Do you want to convert the document structure, i.e. a heading should remain a heading, a list should remain a list etc., no matter how it will look like in the target format?
Or do you want to convert the appearance, i.e. how it looks like, no matter how it is represented in the target format?
Or do you want a mixture of both?
For using SGML as an intermediate format, you would have to specify the translation rules yourself (as far as I understood). This makes sense, and explains why different people have very different opinions about which converter best fits their needs: They simply have different demands and expectations on what should be converted and how.
So, not only practically there is no converter which is good for everyone and every purpose, but this is even principally impossible because there are no well-defined requirements which a converter should meet.

So keep this in mind when looking through the following list of converters, try yourself and decide what you need.

Principal problems of wordprocessor to LaTeX conversion

One advantage of LaTeX is that it forces to structure a document, whereas wordprocessors like Word/WordPerfect allow unstructured documents. It is hardly possible to automatically structure a document where there was no structure before.

However it is nevertheless possible to write a structured document with a wordprocessor by consistently using styles.

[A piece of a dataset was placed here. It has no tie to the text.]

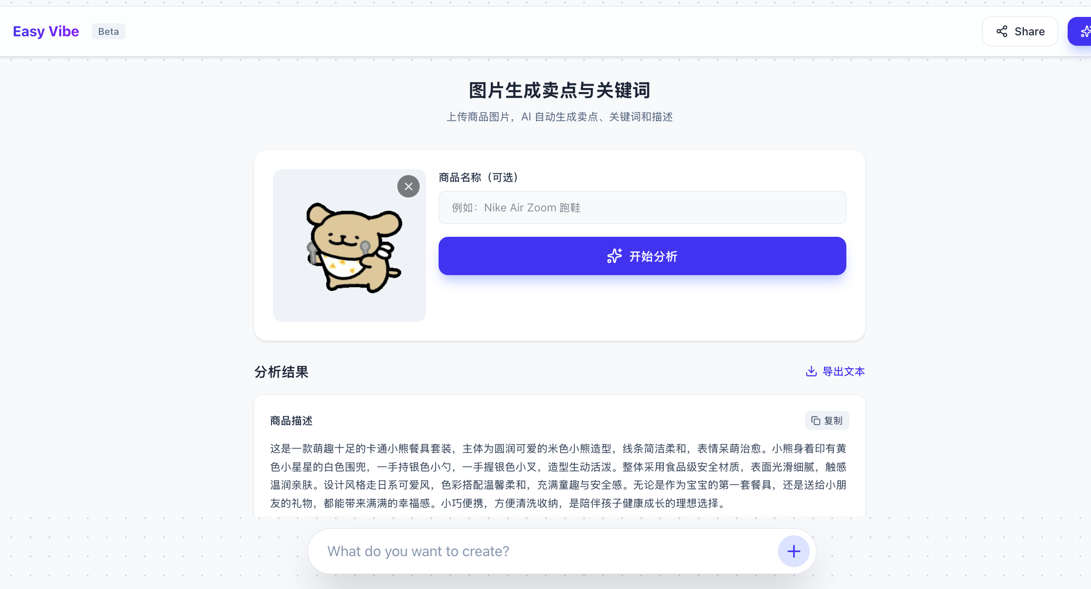 }'经过一段时间的 AI 代码生成,我们很容易得到对应的文案生成按钮进行测试,如果你找不到入口,可以让 AI IDE 告诉你从什么页面可以点到该页面,如果实在找不到,可以让 AI IDE 直接基于你的想法重构改进,得到最后的文案生成结果。

Therefore, wordprocessor documents using styles can be converted to a LaTeX with an equivalent (but not necessarily identical) structure.

There are several ways to convert

  1. Word binary format -> LaTeX
  2. RTF (Word ASCII format, use Word's own RTF export) -> LaTeX
  3. Open Office format -> LaTeX
  4. WordPerfect 5.1 format -> LaTeX
  5. HTML (use Wordprocessor's built-in or add-on html converter) -> LaTeX
  6. maybe other external format(s)

The converters being most complete, undergoing further development and having support are:

rtf2latex2e - free standalone rtf to LaTeX converter for Mac, PC, and Unix

word2tex - shareware, MS Word export filter for PC

GrindEQ - shareware, MS Word export filter for PC

word-to-latex - shareware, MS Word export filter for PC

Writer2LaTeX - free export filter and standalone Open Office converter

WP2LaTeX - free standalone Word Perfect converter for PC


Using a Word macro

Free:

winw2ltx: A set of macros, originally for WinWord 2, adapted to WinWord 6 and 7 (95) and now (Aug. 2008) to WinWord 97 (and up)
See more detailed page

Commercial:

MathType: PC equation editor with export to LaTeX.
See more detailed page.
MathType home page (external link)


Using a Word export filter

Shareware:

Word-To-LaTeX: This converter can convert documents from Word2002(XP) or later to LaTeX.
The conversion can be run from the command-line (can be used for batch-processing), through the graphic interface, or directly from Word.
Besides Word2002(XP) or later it also needs MS .NET Framework 2.0 (external link)
Converts:

For a complete list of features, visit its homepage (external link).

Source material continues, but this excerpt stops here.